# Stored data

----------------------------------------

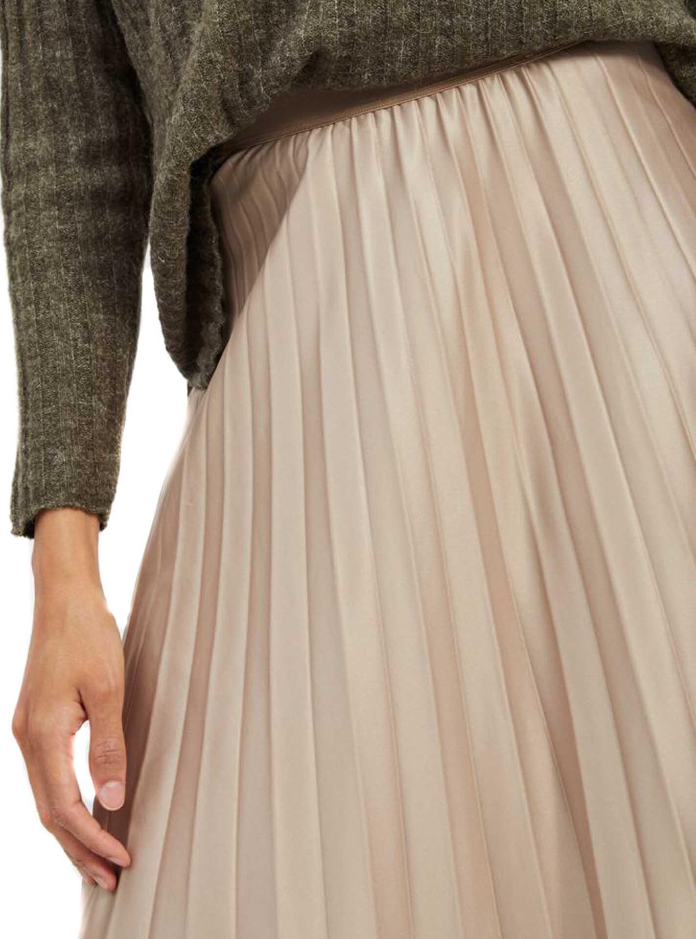 Saia Vila. Modelo Nitban. Cor bege. Cintura elástica. Plissado. Corte midi. A modelo usa tamanho 38.
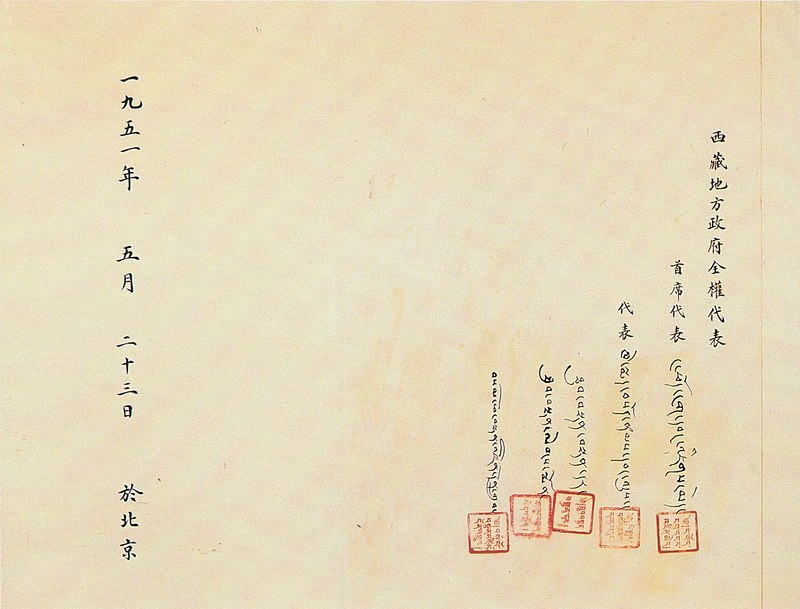 China beauftragte die Tibeter, Vertreter nach Peking zu schicken, wo ein Abkommen unterzeichnet werden sollte, das Tibet rechtskräftig seiner Unabhängigkeit beraubte und es in die Volksrepublik China eingliederte. Gleichzeitig verpflichtete sich Peking in dem Abkommen, Tibet „regionale nationale Autonomie“ zu gewähren, den Dalai Lama und die tibetische Regierung in ihren Ämtern zu belassen und die Religion und Kultur Tibets zu respektieren.
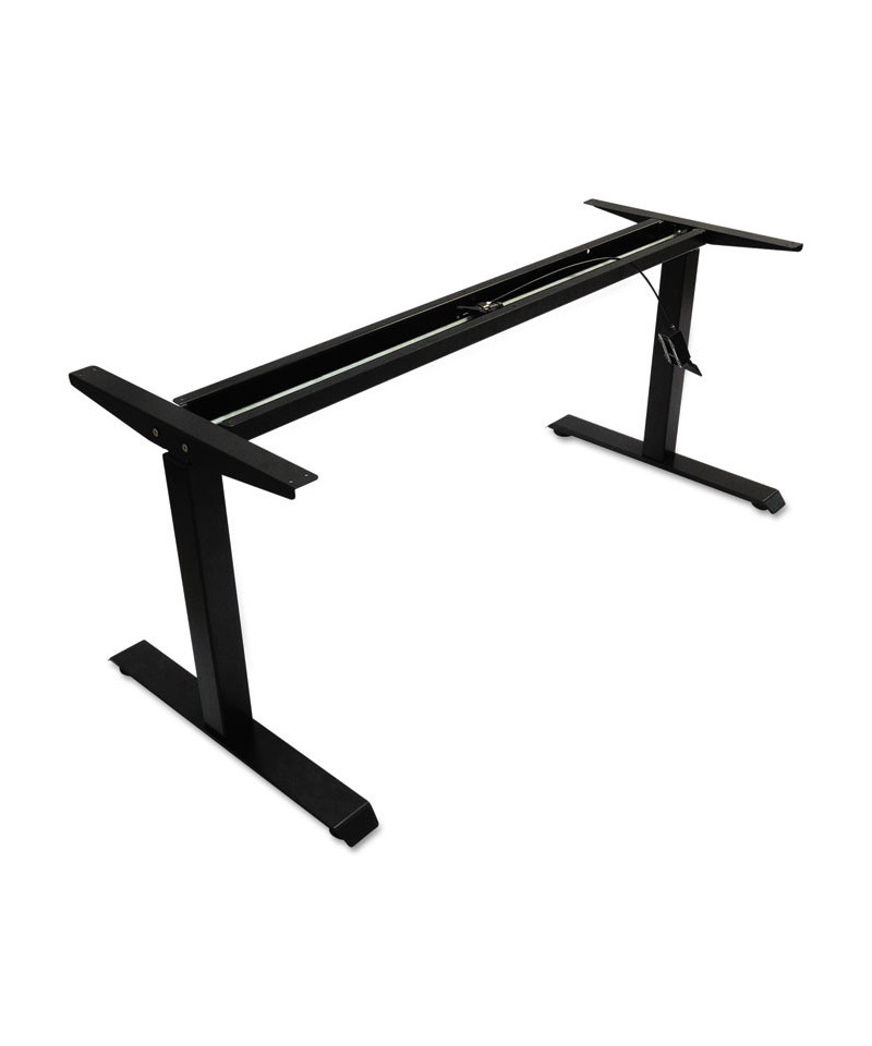 Set the perfect height when sitting or standing. Height-adjustable table base with pneumatic-control lift-assist delivers a 13" height range, from 26.25" to 39.63" (no electricity required). Though designed specifically for use with ALETT Series Reversible Laminate Table Tops (sold separately), these durable bases accommodate most common table tops ranging from 59" to 72" in width and 24" to 30" in depth. Strong, powder-coated steel frame features cross bars to prevent racking while enhancing your table's overall stability. Adjustable leveling glides help you compensate for uneven floors. Maximum lift capacity of 85 lb (including the sold-separately table top or worksurface). Table tops and bases are sold and shipped separately—ORDER BOTH.

----------------------------------------

# Problem statement
From the first line to the last, reproduce the listing above exactly, leaving the pictures out.

# Solution below
 Saia Vila. Modelo Nitban. Cor bege. Cintura elástica. Plissado. Corte midi. A modelo usa tamanho 38.
 China beauftragte die Tibeter, Vertreter nach Peking zu schicken, wo ein Abkommen unterzeichnet werden sollte, das Tibet rechtskräftig seiner Unabhängigkeit beraubte und es in die Volksrepublik China eingliederte. Gleichzeitig verpflichtete sich Peking in dem Abkommen, Tibet „regionale nationale Autonomie“ zu gewähren, den Dalai Lama und die tibetische Regierung in ihren Ämtern zu belassen und die Religion und Kultur Tibets zu respektieren.
 Set the perfect height when sitting or standing. Height-adjustable table base with pneumatic-control lift-assist delivers a 13" height range, from 26.25" to 39.63" (no electricity required). Though designed specifically for use with ALETT Series Reversible Laminate Table Tops (sold separately), these durable bases accommodate most common table tops ranging from 59" to 72" in width and 24" to 30" in depth. Strong, powder-coated steel frame features cross bars to prevent racking while enhancing your table's overall stability. Adjustable leveling glides help you compensate for uneven floors. Maximum lift capacity of 85 lb (including the sold-separately table top or worksurface). Table tops and bases are sold and shipped separately—ORDER BOTH.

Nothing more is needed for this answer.